Upvote:1
A couple of reasons come to mind:
At the end of the war, Japan was devastated, probably more so than Germany. Most of their major cities had been severely damaged by fire raids. Their industry had been all but obliterated. Industrial infrastructure: power, rail transport, had been completely destroyed Their once thriving merchant fleet, critical to an island nation, was on the bottom of the ocean. There wasn't much for China to demand from Japan, even if they were in a position to do so.
When hostilities ceased, China almost immediately resumed a civil war between the Nationalists and Communists, a war the Communists won. The Chinese had more pressing matters to attend to.
Japan had been very cruel to China, beyond Nanking. Japanese troops committed wholesale slaughter and destruction in the aftermath of the Doolittle Raid, on Chinese suspected of aiding the flyers, or Chinese who just happened to be there. A very rough estimate of Japan's revenge on China for the Doolittle Raiders is in the 250,000 death range.

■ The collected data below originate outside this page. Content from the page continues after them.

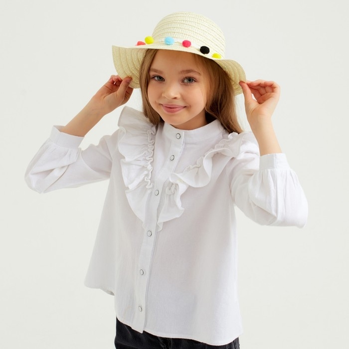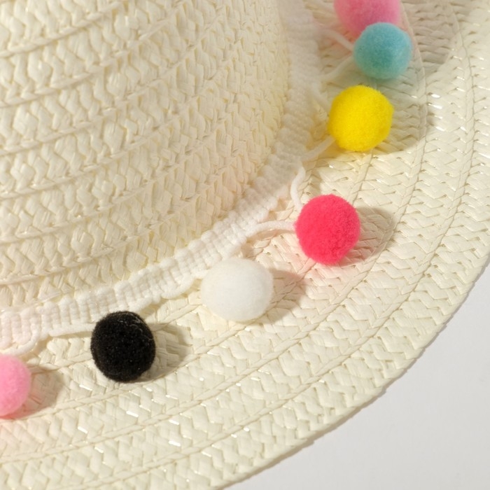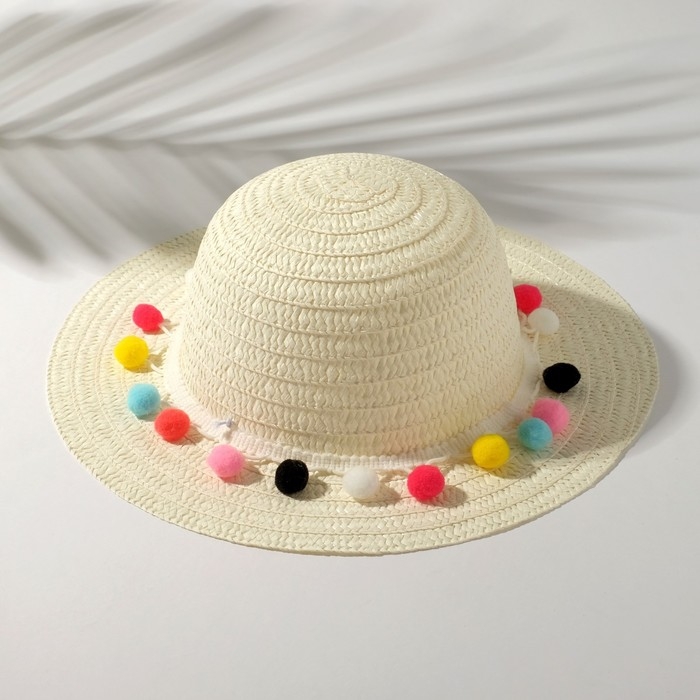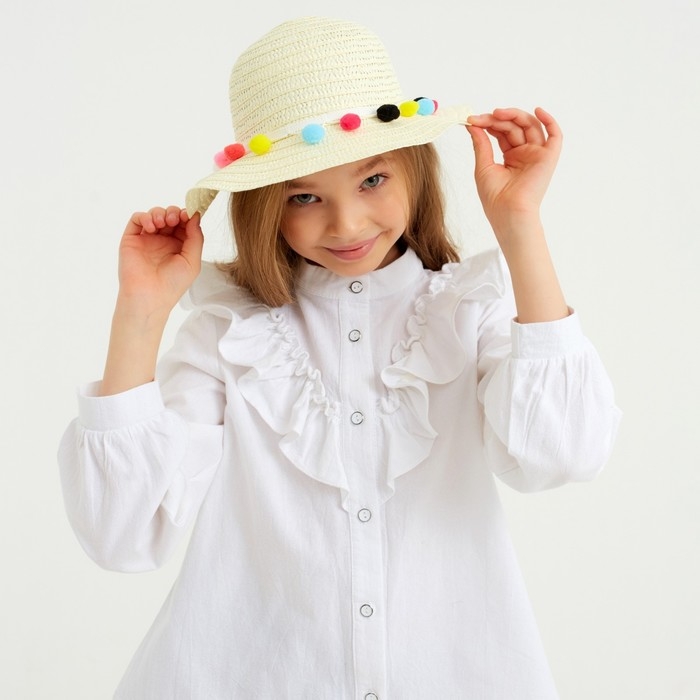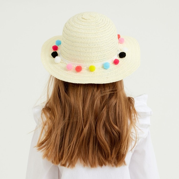 Шляпа с бомбошками для девочки MINAKU, размер 50, цвет белый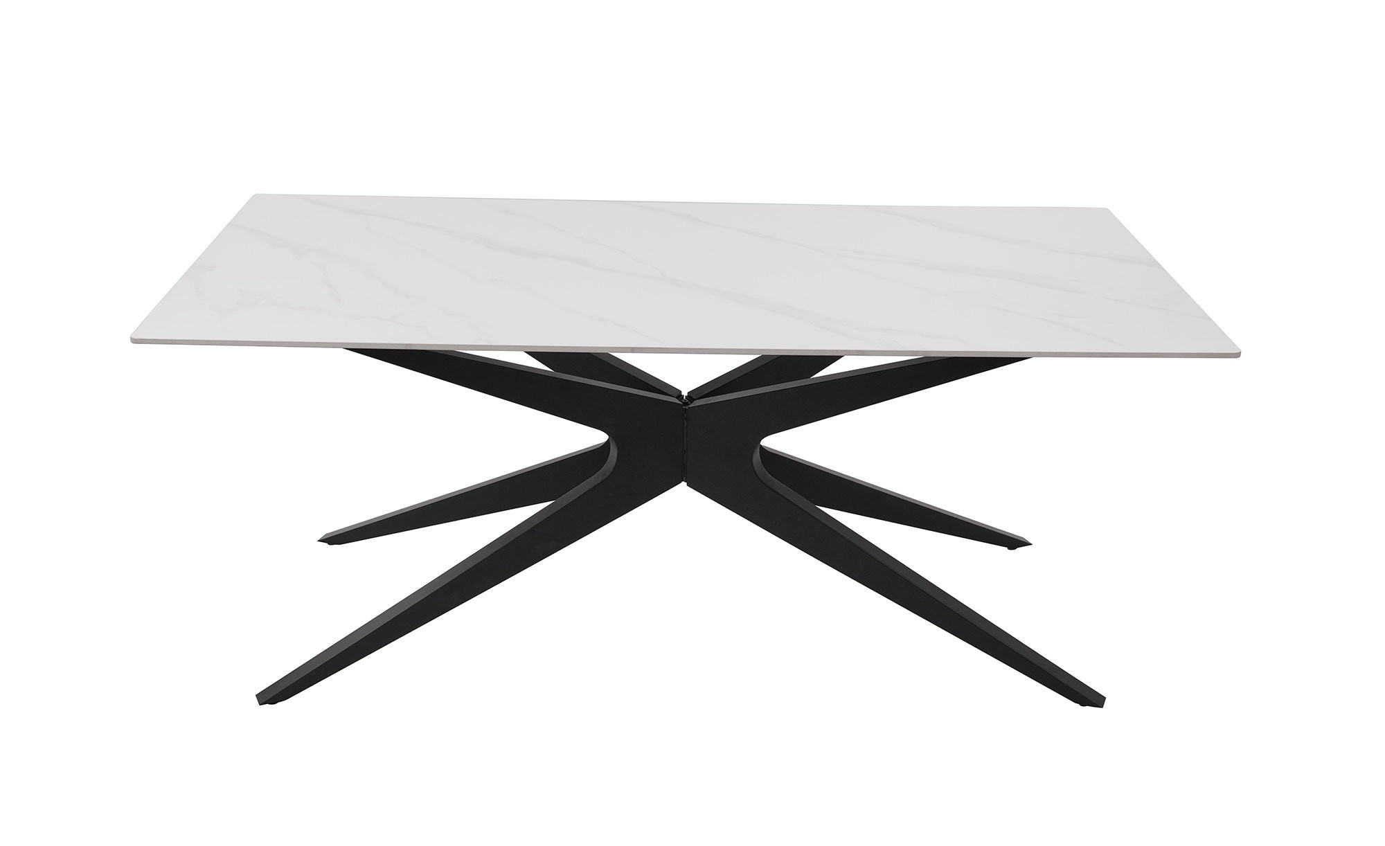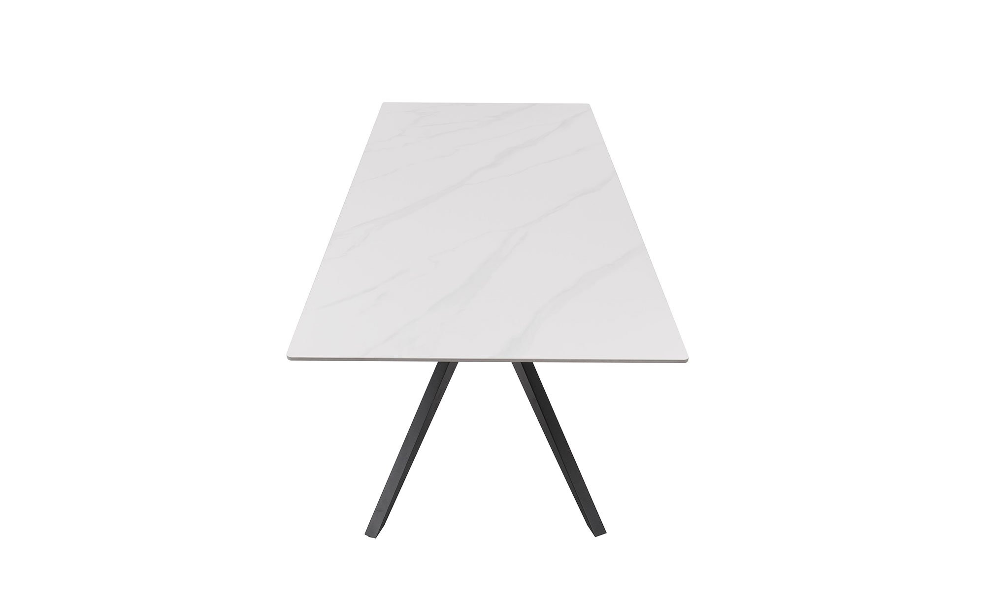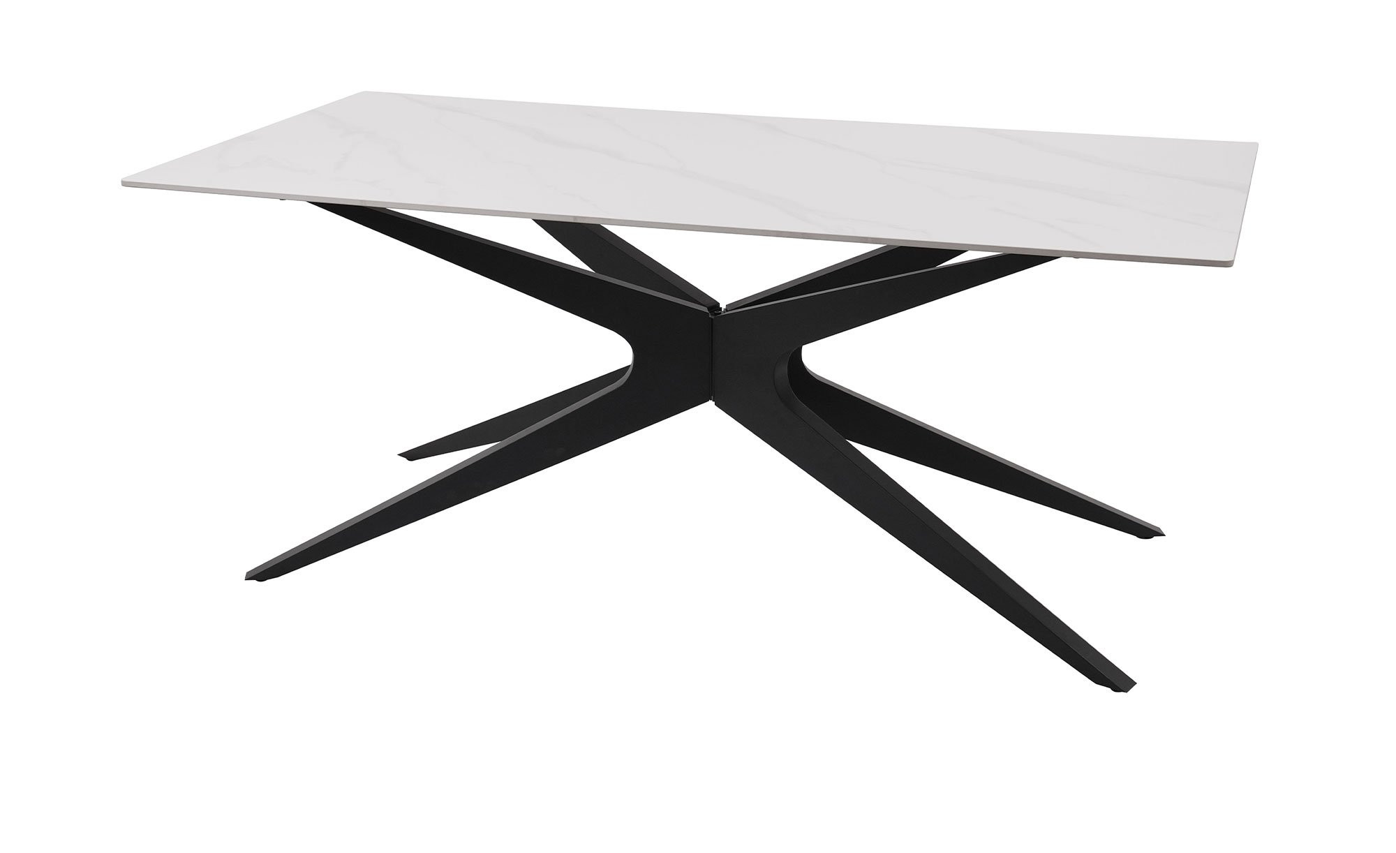 Das ca. 180 x 75 x 90 cm große Möbelstück zieht durch sein Metallgestell im Farbton Schwarz-Sand unmittelbar die Blicke auf sich. In einer ansprechenden Form gestaltet, ist es aber nicht nur ein Hingucker, sondern garantiert auch den stabilen Halt der Tischplatte aus Keramik in weißer Marmor-Optik.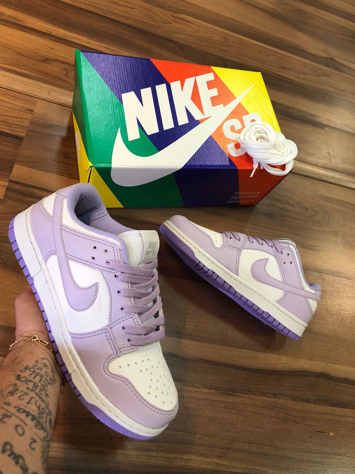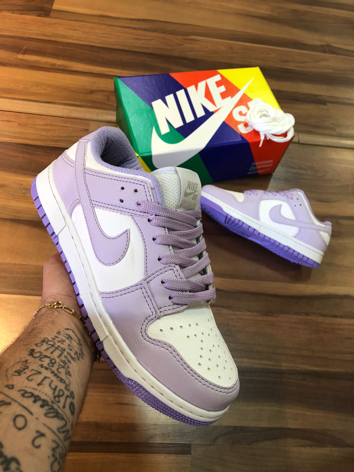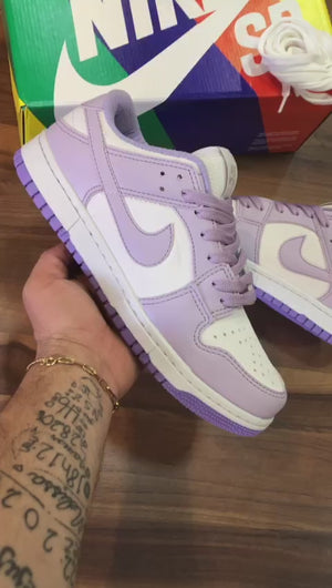 O Nike Dunk Low Lilac apresenta uma parte superior de couro branco com sobreposições e Swooshes em um leve tom roxo.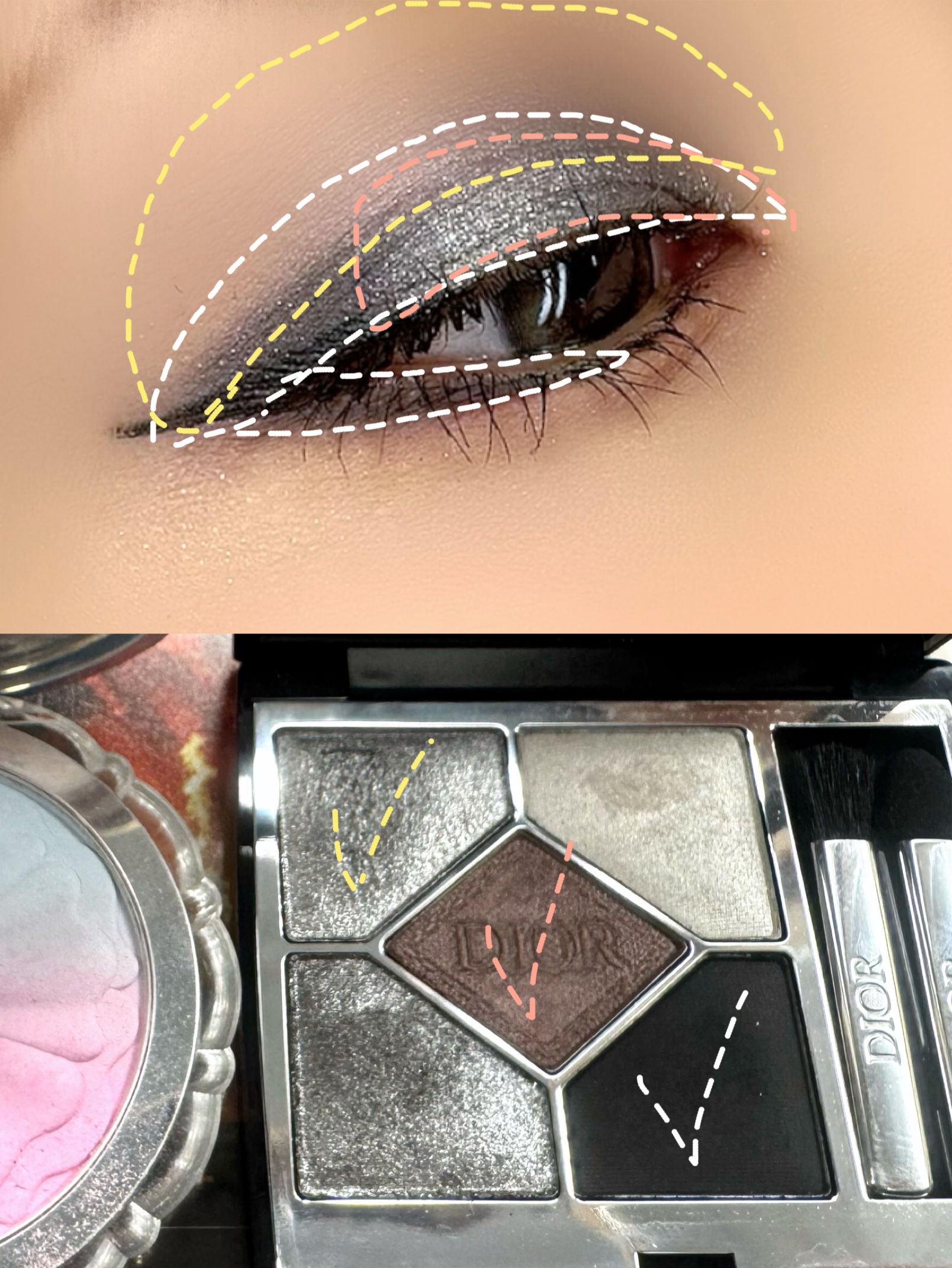 ピエドプールのブラックをメインに使って細めのヘイロー&強めなアイラインメイク🖤 アイホール上と下瞼全体に使ったピンクのアイシャドウは別のパレットから使ってるけどどのパレットか忘れました😖 Diorディオールショウ サンク クルール 073ピエ・ド・プール

And the story of Unit 731. An accurate death toll is hard to establish, but it is estimated to be in excess of 500,000 people killed. It wasn't well publicized after the war, because the US wanted the technology. Japan had it's own WMD: biological weapons, and - the big breakthrough - they had perfected and tested (on the Chinese) delivery systems for those bioweapons: anthrax, bubonic plague, smallpox.
My father, who ran radar for the 14th USAAF in China during the war, related to me a story that illustrates the feelings between the Chinese and Japanese. A Japanese bomber had been dropping bombs on his base at Kunming at night. Never hit much of anything, but they might get lucky and kill someone, so he radioed another base and had them send down their P61 Black Widow night fighter. It shot up the bomber, which was seen to crash land.
Dad sent out a squad of soldiers to the crash site the next morning to see if anyone had survived, but the local Chinese got there first. They had nailed the now very dead aircrew to trees, while they were still alive.
Upvote:5
Your perception is wrong, Japanese occupation and subsequent massacres are influencing Chinese politics, and Chinese conscience in general, even today. Close parallel could be made with Soviet (latter Russian) state of mind about WW2, Germany and Germans .
Terrible losses and terrible humiliation that China suffered in that period are not forgotten. But there is another thing. Like Soviet Union, China was on the other side of Iron Curtain. Former enemies (Japan and Germany) after the war became close allies of Western powers (chiefly US) . Both Soviet and Chinese part of the WW2 story was largely left untold in the West. During Cold War, and even now, West tends to minimize participation of those countries, and to somewhat dehumanize their victims like statistics. For example, in Western cinematography, there are numerous films about Jewish suffering in WW2. But Slavs are barely mentioned and Chinese almost not at all, despite the the fact that they suffered much larger casualties and actively participated in war effort.
Anyway, current Chinese foreign policy towards Japan (from 1980 to present) is mostly pragmatic. They were and still are interested in good economic relations. But they do have territorial disputes and strategic rivalry who is going to be dominant power in East Asia . Japan is still ally of US, and China is becoming main American rival on world stage. In that context, anti-Japanese sentiment in China is substantial, and historical grievances like Nanking massacre are often used in media and popular culture, especially because Japan tries sometimes to downplay them.